Start at the line with "Like an incomplete lullaby |" and print every line through the end of the material below. Keep it exact and free of pictures.
[Opening Information given section]
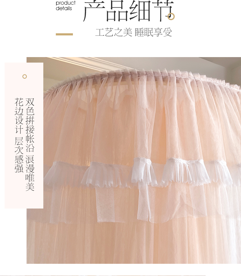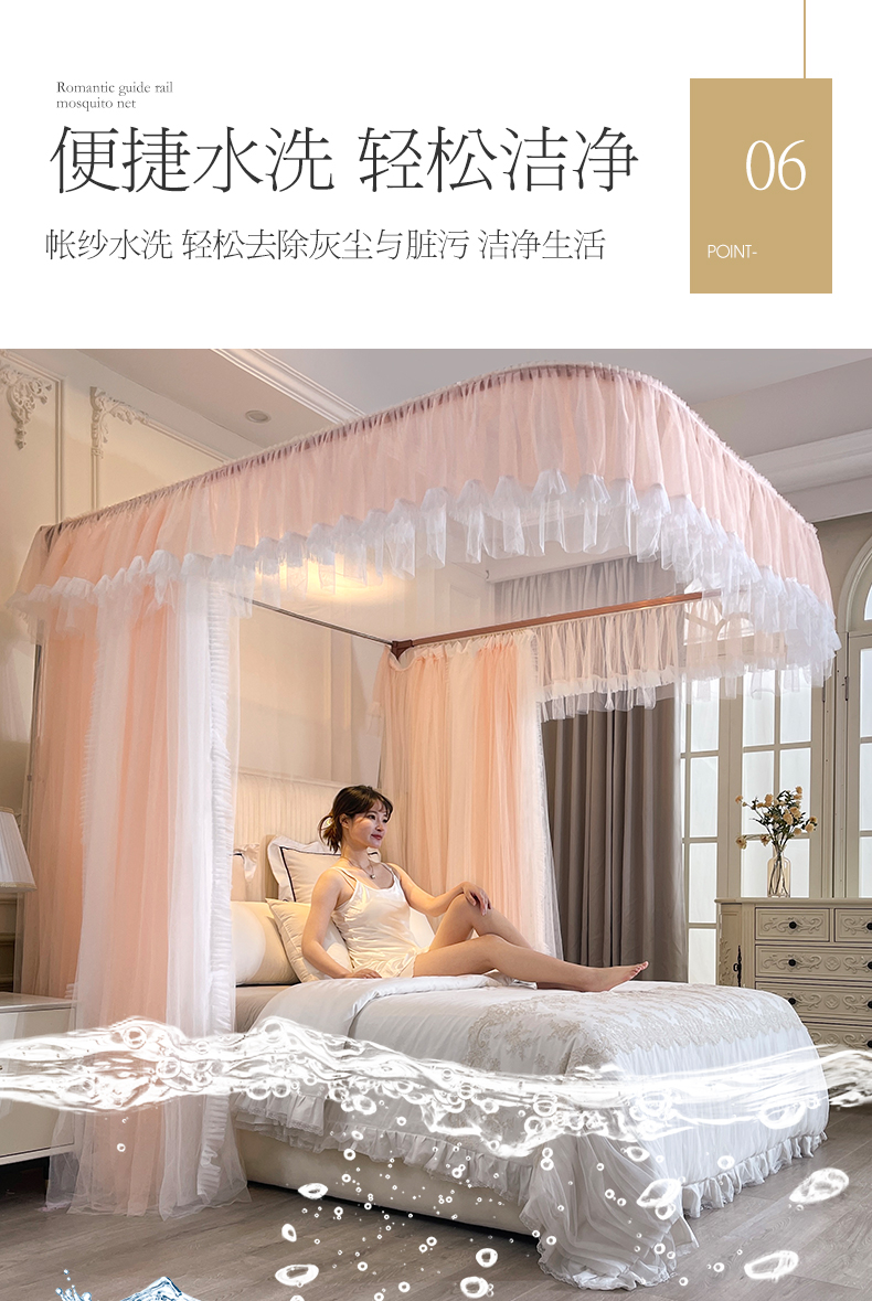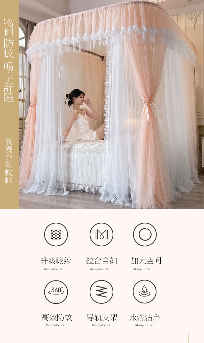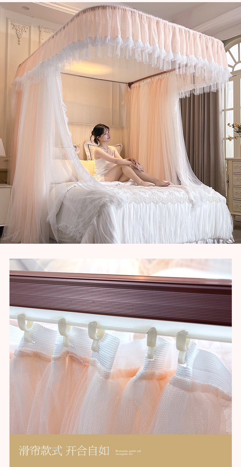 商品名称:宝莱利 2025年新款拉幕导轨蚊帐(可升降合金弯头支架)-田园风情 玫瑰粉
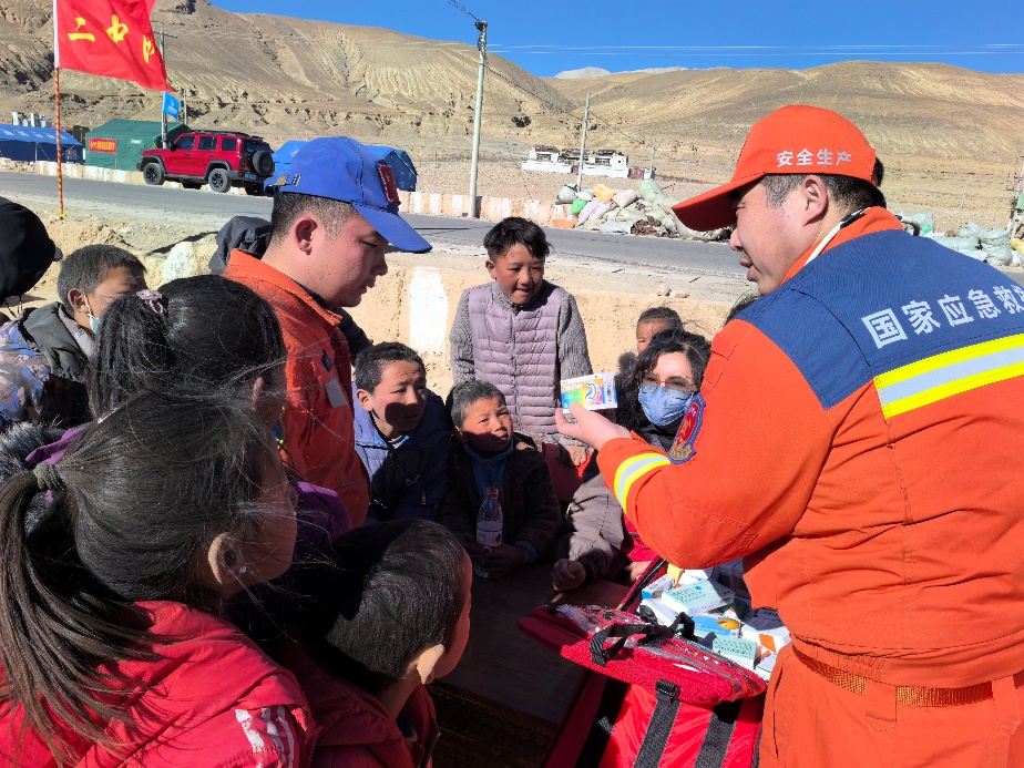 1月10日,应急心理救援队在前方与国家应急医学救援队汇合并开展联合行动,分别为因高原反应在定日县人民医院接受治疗的救援队员、安置点备勤的消防指战员提供医学支持和心理支持,在日喀则定日县长所乡嘎旦村、曲洛乡措昂村为当地儿童青少年开展2场以表达性艺术治疗和运动为主的团体心理辅导。
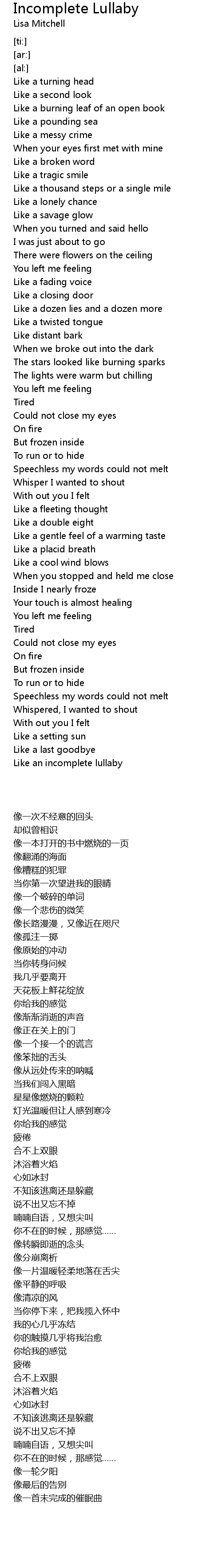 Like an incomplete lullaby |
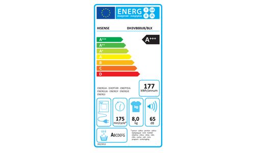| Droogtijd (volledig geladen katoen): | 175 min/cycle |
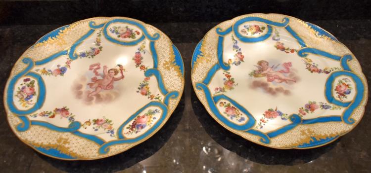 Lot 60 of 249: A pair of 19th century Sèvres cabinet plates with bleu celeste and gilt heightened border, floral garlands and each centred with a cherub, painted mark to the reverse, diameter 24cm (2). Provenance: The contents of a Cheshire Country House.
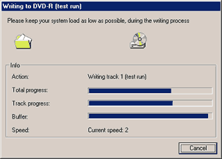 Now just press "Write" and the process will start. We did notice that under WinME, Gear DVD Pro uses all the available computer recourses and it is improssible to do anything else. But even with this problem, we didn't have any coaster or bad burn in all our tests.
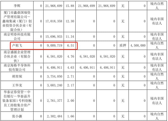 截至今年6月末,卢祖飞持有晶升股份的股份比例为6.51%,是公司的第四大股东。这次协议转让后,卢祖飞持有公司的股份将归零。因为这次转让并不影响实控人李辉的持股比例,所以晶升股份的控股股东并不会有所变化。
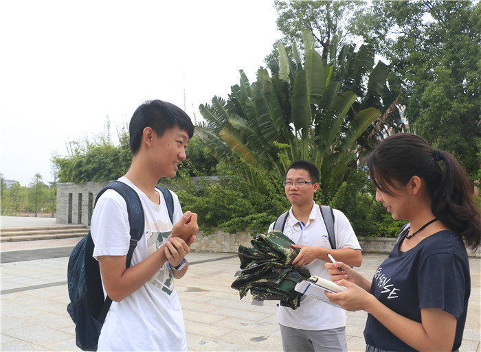 初来乍到,热情的师兄师姐和美丽的校园给他留下很深的印象,而且学校的路线特别清楚。陈家樟说,他刚来半天就可以假装“老腊肉”带新生逛了。此次同行的妈妈对学校环境也是称赞不已。
[Closing Information given section]
_Result_
 Like an incomplete lullaby |
| Droogtijd (volledig geladen katoen): | 175 min/cycle |
 Lot 60 of 249: A pair of 19th century Sèvres cabinet plates with bleu celeste and gilt heightened border, floral garlands and each centred with a cherub, painted mark to the reverse, diameter 24cm (2). Provenance: The contents of a Cheshire Country House.
 Now just press "Write" and the process will start. We did notice that under WinME, Gear DVD Pro uses all the available computer recourses and it is improssible to do anything else. But even with this problem, we didn't have any coaster or bad burn in all our tests.
 截至今年6月末,卢祖飞持有晶升股份的股份比例为6.51%,是公司的第四大股东。这次协议转让后,卢祖飞持有公司的股份将归零。因为这次转让并不影响实控人李辉的持股比例,所以晶升股份的控股股东并不会有所变化。
 初来乍到,热情的师兄师姐和美丽的校园给他留下很深的印象,而且学校的路线特别清楚。陈家樟说,他刚来半天就可以假装“老腊肉”带新生逛了。此次同行的妈妈对学校环境也是称赞不已。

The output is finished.